This blog isn't about sex. It's about great sex! I set it up because you only live twice, once in your dreams.

This blog is a portal to the wonderful world of web-based erotic writing. It also serves as a filter: finding stories for you to enjoy without worrying. Use both the reviews and the labels to help you identify stories which will suit your tastes. If the idea of ‘oral’ makes your stomach churn, click on ‘romance’ in the label cloud. Use the rating system: from 0 for nonsexual to XXX for eyebrow raising. (Just your eyebrows will do, thank you, sheesh!)

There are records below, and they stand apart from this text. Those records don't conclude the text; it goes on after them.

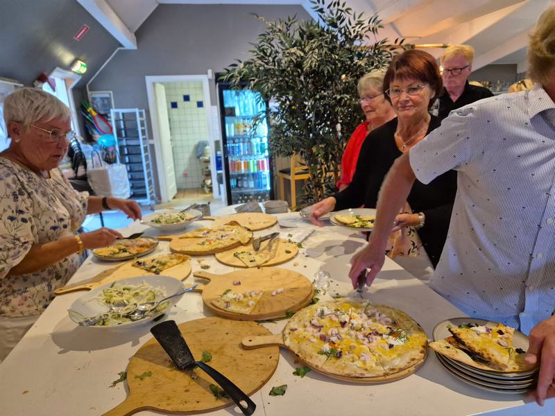En solig och varm augustikväll var det dags för pizzabuffé på Solstickan i Mellbystrand. Personalen kämpade med att baka pizzor i samma takt som de försvann från våra tallrikar, och det var inte lätt, eftersom 123 medlemmar gjorde vad de kunde för att tömma brickorna med pizzabitar så snart de var färdiggräddade.
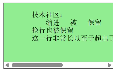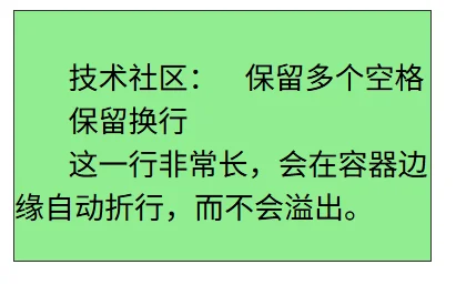 空格、换行均被保留,且长文本会自动折行以适应容器宽度,不会产生横向溢出。
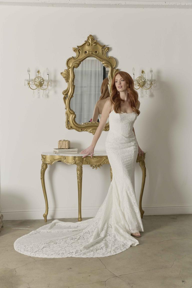 Rigby is the embodiment of romantic elegance, designed for the bride who adores lace and timeless beauty. Crafted from luxurious stretch lace, Rigby combines delicate lace trim and soft, feminine details for a look that’s both modern and sophisticated. The scoop neckline, framed with lace trim, adds a gentle touch of romance, while the basque waistline flatters the figure. The fit-and-flare skirt flows with grace, adorned with lace at the hem for a stunning finish. The V-back, with its pointed waistline, creates an elegant silhouette, while the illusion lace shaped train adds an enchanting touch.
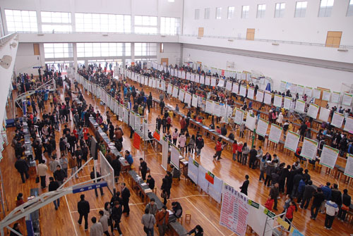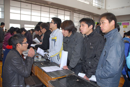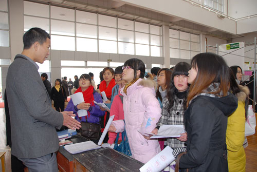今年招聘形势比往年更加火爆,有两个主要特点,一是来校选拔人才的单位达到400多家,提供就业岗位8000多个,超过了往年,二是各招聘单位提供的就业岗位质量很高,全部是针对大中专学生就业所需要的岗位。
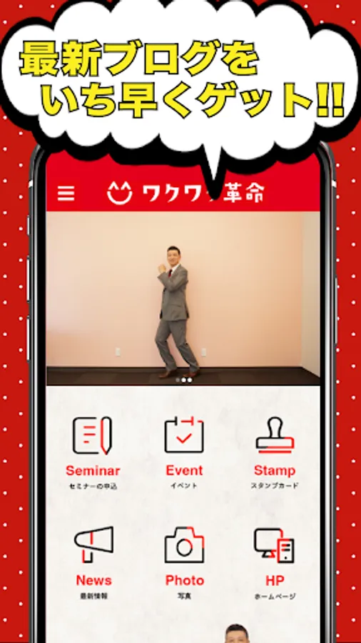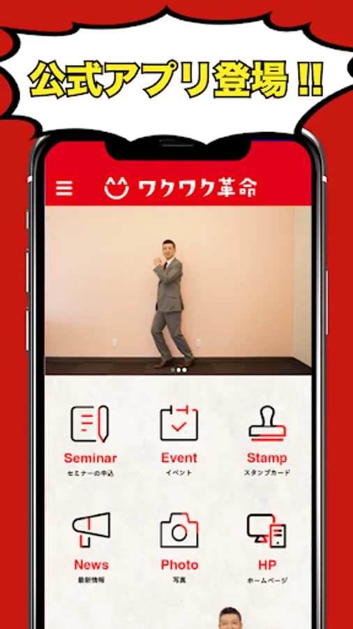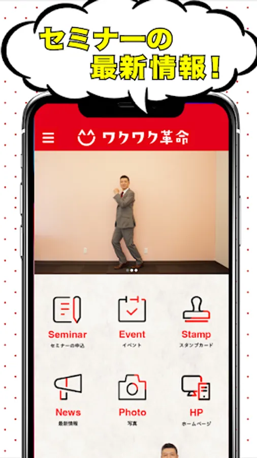 The "Waku Waku Revolution" official app provides the latest information on seminars and events, as well as special coupons limited to the app.
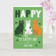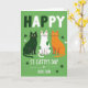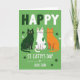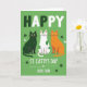 This greeting card shows three stylized cats sitting side by side across the middle of a rich green background, arranged evenly like close friends posing for a photo 💚. On the left is a deep forest-green cat with subtle markings, in the center a white cat dotted with emerald spots, and on the right an orange tabby, all with wide golden eyes that seem to meet yours with a gentle, affectionate calm. Above them, “HAPPY” sits near the top in mixed dark green and white letters, giving the header a two-tone look. Beneath the trio, “ST. CATTY’S DAY” appears in white, centered and easy to spot, with a thin decorative underline tucked right under the phrase. Lower still, “OUR SON” is placed as a smaller line of text, also in white, anchoring the design near the bottom. Dark green shamrocks are scattered around the cats like little lucky tokens ☘️, and small white starburst shapes dot the background for contrast. The overall scene stays flat and graphic, with crisp shapes against the green field, and the orange tabby’s warm coat standing out beside the cooler greens. White starbursts and dark green clovers float around the cats, filling the open space without crowding the centered text.
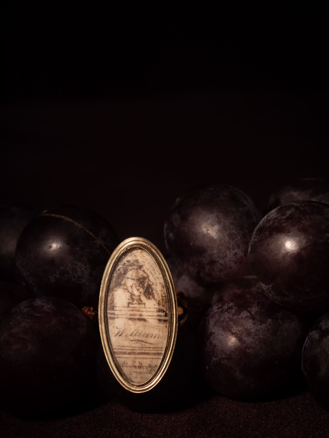 這枚戒指以細筆描繪出一株垂柳、一座骨甕,以及“William”這個名字。垂柳(weeping willow)在西方文化中是悲傷的象徵,柔軟的枝條如同低首哭泣的人影。自新古典主義時期起,垂柳常被用以隱喻死亡與永恆的思念,成為哀悼藝術中最溫柔的象徵。
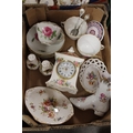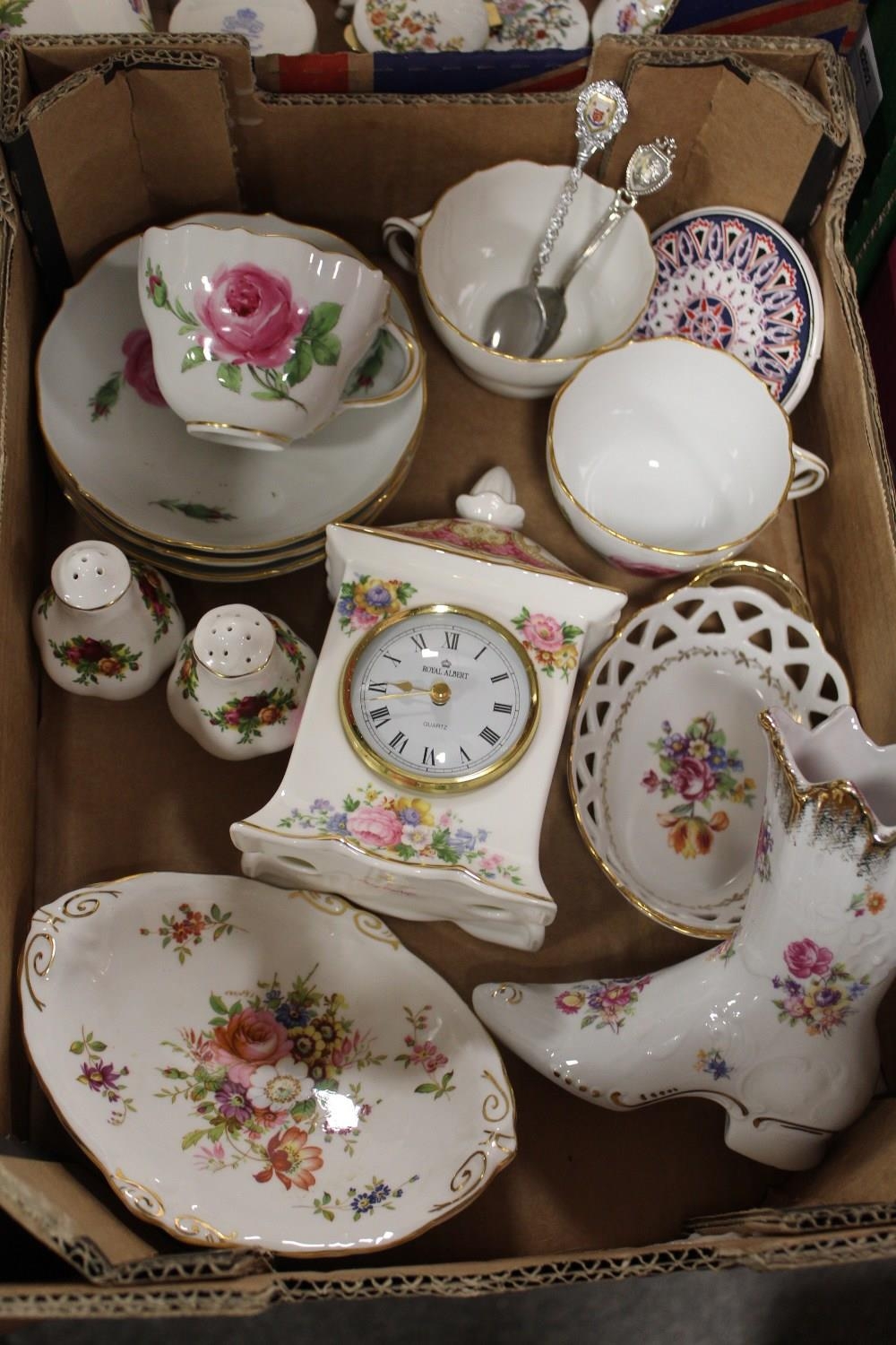 A SMALL TRAY OF ASSORTED CERAMICS TO INCLUDE A ROYAL ALBERT LADY CARLISLE CLOCK, DRESDEN STYLE CUPS AND SAUCERS ETC.

And use the biggest sexual organ in your body: that’s your brain, dumbo! Which bit of you do you think processes the little messages from your nerve endings in a kiss and releases the endorphins that make you go Whoopdidoo! As you read the reviews and choose stories, as you follow up other stories from those outside of this site: Think before you Click. Come Home quickly if you’re not sure about what you find. Some stories out there are far out on the wild side because humans are inventive beings –not always in nice ways.

Remember too that these are fantasy erotic stories and so the sex is always sizzling. In another life, just being close to someone you have always liked is usually enough. They won’t need a 10“ wonger or GG breasts to turn you on.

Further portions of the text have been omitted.